▸ **Your goal**:
Restate the full listing word for word and leave the pictures out.

▸ **Data segment**:
%%

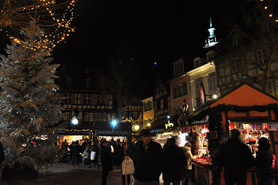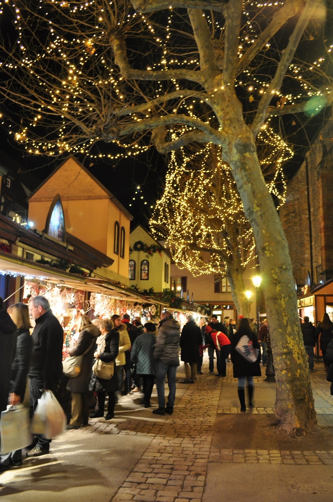 Achei o mercado de Natal de Colmar diferente de todos os outros que já tinha visitado, claro que havia barraquinhas nas ruas (principalmente nas pracinhas) onde se podia beber Vin Chaud, comer um crepe ou comprar decorações de Natal, mas o forte era mesmo o espírito da cidade, a decoração das lojas e o ar de satisfação das milhares de pessoas que andavam pelas ruas.
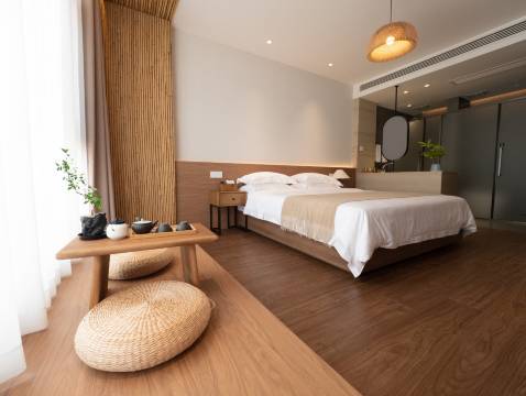 民宿坐落于天台山风景区这片钟灵毓秀之地,与诸多著名景点咫尺相邻。 与赤城山风景区遥相呼应,那一抹丹霞赤壁仿佛为民宿增添了一抹雄浑壮丽的背景色,让您在享受静谧住宿的同时,能随时领略自然奇观的魅力。国清寺的悠悠钟声,穿越千年岁月,在民宿周围轻轻回荡,为您带来空灵祥和的心灵慰藉,仿佛置身尘世之外。而与合和商业街仅一路之隔,让您在感受古韵之余,也能便捷地融入现代商业氛围,体验购物、餐饮与娱乐的多元乐趣。 民宿对面便是游客中心,去往各大景区的接驳车就在此处等候,轻松开启您天台山的全景之旅。无论是探寻华顶国家森林公园的原始森林秘境,还是漫步石梁景区感受飞瀑流泉的震撼,接驳车都能带您迅速抵达。那里有充满生活气息的九九回归林,漫步其间,能品味到天台山的历史文化底蕴与人间烟火交融的独特韵味。民宿精心打造多种类型客房,以满足不同旅客的需求。温馨简约的标准间,配备舒适的床铺与齐全的现代化设施,让您在疲惫的旅途中能迅速恢复精力;宽敞明亮的大床房,柔软的床垫与精致的床品,为您营造浪漫温馨的睡眠环境;还有家庭套房,空间布局合理,多个房间可供家庭成员共同入住,既保证了私密性,又能在客厅等共享空间尽享天伦之乐。每间客房均装饰典雅,融合了现代简约风格与天台山的地域文化元素,细节之处尽显品质与用心。房内设施一应俱全,高速无线网络让您随时与外界保持联系,独立卫浴间提供 24 小时热水供应,还有贴心准备的高品质洗漱用品。部分客房还带有观景大窗,凭栏而望,或是青山翠绿,或是人间烟火,皆可尽收眼底,让您在房间内也能尽享天台山的迷人风光。 在这里,时光慢下脚步,让您拾获旅行中最珍贵的宁静与美好。
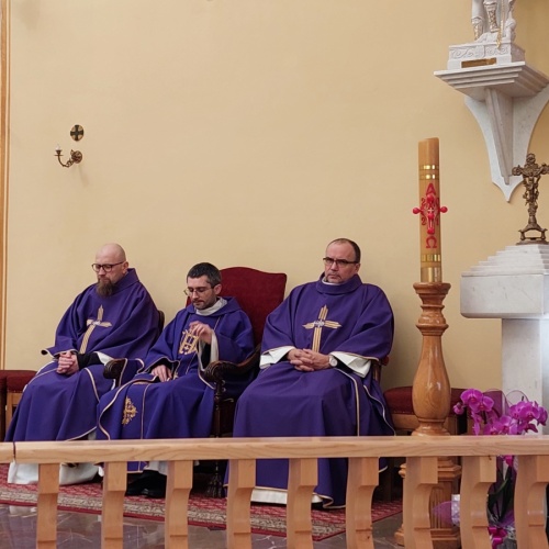 O. Arkadiusz zakończył modlitwą św. Franciszka: "Wszechmogący, wiekuisty, sprawiedliwy i miłosierny Boże, daj nam nędznym czynić dla Ciebie to, o czym wiemy, że tego chcesz i chcieć zawsze tego, co się Tobie podoba, abyśmy wewnętrznie oczyszczeni, wewnętrznie oświeceni i rozpaleni ogniem Ducha Świętego, mogli iść śladami umiłowanego Syna Twego, Pana naszego Jezusa Chrystusa i dojść do Ciebie, Najwyższy, jedynie dzięki Twej łasce, który żyjesz i królujesz, i odbierasz hołd w doskonałej Trójcy i prostej Jedności, Bóg wszechmogący przez wszystkie wieki wieków. Amen."

%%

▸ **Result of the exercise**:
 Achei o mercado de Natal de Colmar diferente de todos os outros que já tinha visitado, claro que havia barraquinhas nas ruas (principalmente nas pracinhas) onde se podia beber Vin Chaud, comer um crepe ou comprar decorações de Natal, mas o forte era mesmo o espírito da cidade, a decoração das lojas e o ar de satisfação das milhares de pessoas que andavam pelas ruas.
 民宿坐落于天台山风景区这片钟灵毓秀之地,与诸多著名景点咫尺相邻。 与赤城山风景区遥相呼应,那一抹丹霞赤壁仿佛为民宿增添了一抹雄浑壮丽的背景色,让您在享受静谧住宿的同时,能随时领略自然奇观的魅力。国清寺的悠悠钟声,穿越千年岁月,在民宿周围轻轻回荡,为您带来空灵祥和的心灵慰藉,仿佛置身尘世之外。而与合和商业街仅一路之隔,让您在感受古韵之余,也能便捷地融入现代商业氛围,体验购物、餐饮与娱乐的多元乐趣。 民宿对面便是游客中心,去往各大景区的接驳车就在此处等候,轻松开启您天台山的全景之旅。无论是探寻华顶国家森林公园的原始森林秘境,还是漫步石梁景区感受飞瀑流泉的震撼,接驳车都能带您迅速抵达。那里有充满生活气息的九九回归林,漫步其间,能品味到天台山的历史文化底蕴与人间烟火交融的独特韵味。民宿精心打造多种类型客房,以满足不同旅客的需求。温馨简约的标准间,配备舒适的床铺与齐全的现代化设施,让您在疲惫的旅途中能迅速恢复精力;宽敞明亮的大床房,柔软的床垫与精致的床品,为您营造浪漫温馨的睡眠环境;还有家庭套房,空间布局合理,多个房间可供家庭成员共同入住,既保证了私密性,又能在客厅等共享空间尽享天伦之乐。每间客房均装饰典雅,融合了现代简约风格与天台山的地域文化元素,细节之处尽显品质与用心。房内设施一应俱全,高速无线网络让您随时与外界保持联系,独立卫浴间提供 24 小时热水供应,还有贴心准备的高品质洗漱用品。部分客房还带有观景大窗,凭栏而望,或是青山翠绿,或是人间烟火,皆可尽收眼底,让您在房间内也能尽享天台山的迷人风光。 在这里,时光慢下脚步,让您拾获旅行中最珍贵的宁静与美好。
 O. Arkadiusz zakończył modlitwą św. Franciszka: "Wszechmogący, wiekuisty, sprawiedliwy i miłosierny Boże, daj nam nędznym czynić dla Ciebie to, o czym wiemy, że tego chcesz i chcieć zawsze tego, co się Tobie podoba, abyśmy wewnętrznie oczyszczeni, wewnętrznie oświeceni i rozpaleni ogniem Ducha Świętego, mogli iść śladami umiłowanego Syna Twego, Pana naszego Jezusa Chrystusa i dojść do Ciebie, Najwyższy, jedynie dzięki Twej łasce, który żyjesz i królujesz, i odbierasz hołd w doskonałej Trójcy i prostej Jedności, Bóg wszechmogący przez wszystkie wieki wieków. Amen."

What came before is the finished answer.